Abstract
Unoccupied Aircraft Systems (UAS) are beginning to replace conventional forest plot mensuration through their use as low-cost and powerful remote sensing tools for monitoring growth, estimating biomass, evaluating carbon stocks and detecting weeds; however, physical samples remain mostly collected through time-consuming, expensive and potentially dangerous conventional techniques. Such conventional techniques include the use of arborists to climb the trees to retrieve samples, shooting branches with firearms from the ground, canopy cranes or the use of pole-mounted saws to access lower branches. UAS hold much potential to improve the safety, efficiency, and reduce the cost of acquiring canopy samples. In this work, we describe and demonstrate four iterations of 3D printed canopy sampling UAS. This work includes detailed explanations of designs and how each iteration informed the design decisions in the subsequent iteration. The fourth iteration of the aircraft was tested for the collection of 30 canopy samples from three tree species: eucalyptus pulchella, eucalyptus globulus and acacia dealbata trees.
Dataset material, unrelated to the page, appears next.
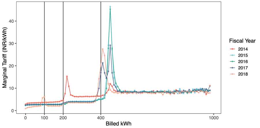 Figure 1. Marginal price (Rs./kWh) billed to residential customers, 2014-2018
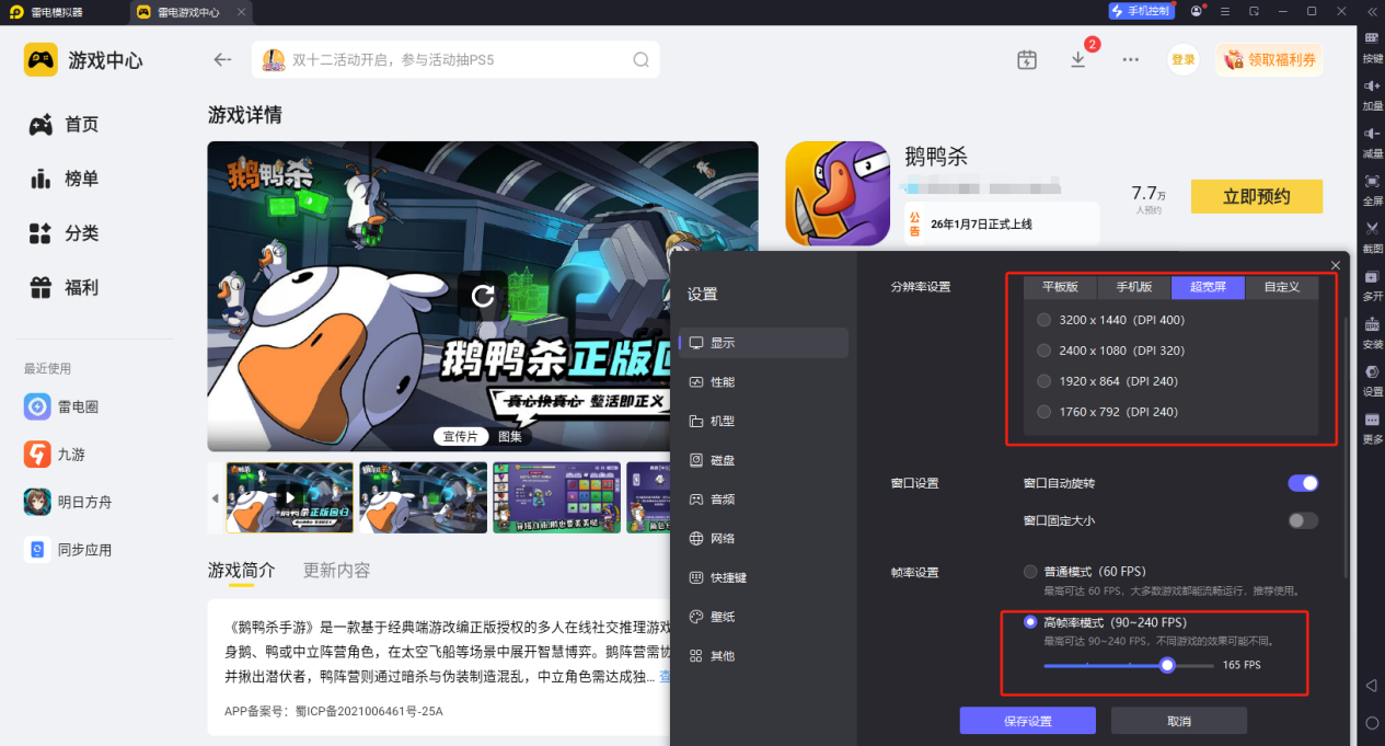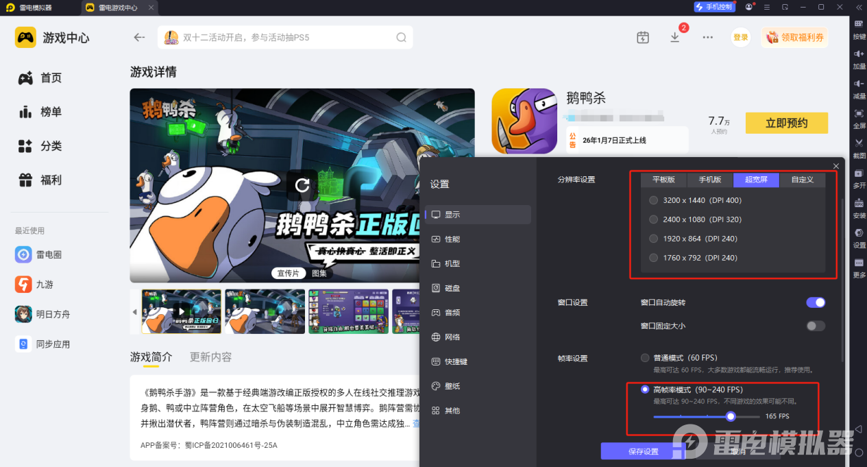 若想更清晰地查看地图的细微之处,雷电模拟器能提供助力。其出色的屏幕适配功能与可灵活调节的分辨率大小,能完美呈现鹅鸭杀暗黑风格地图的精致之处。再加上高帧率模式,让地图切换、视角转动等操作毫无阻碍,顺畅无比,彻底解决手机操作时常见的卡顿问题。

The collection times ranged from 1 min and 23 s, up to 3 min and 41 s for more distant and challenging to capture samples. A vision for the next iteration of this design is also provided. Future work may explore the integration of advanced remote sensing techniques with UAS-based canopy sampling to progress towards a fully-automated and holistic forest information capture system.
Highlights
Climate change is having a complex variety of effects on our forests from increased atmospheric carbon dioxide levels [1,2], environmental changes such as increasing drought severity and frequency [3,4,5], and more frequent and severe bushfires [6]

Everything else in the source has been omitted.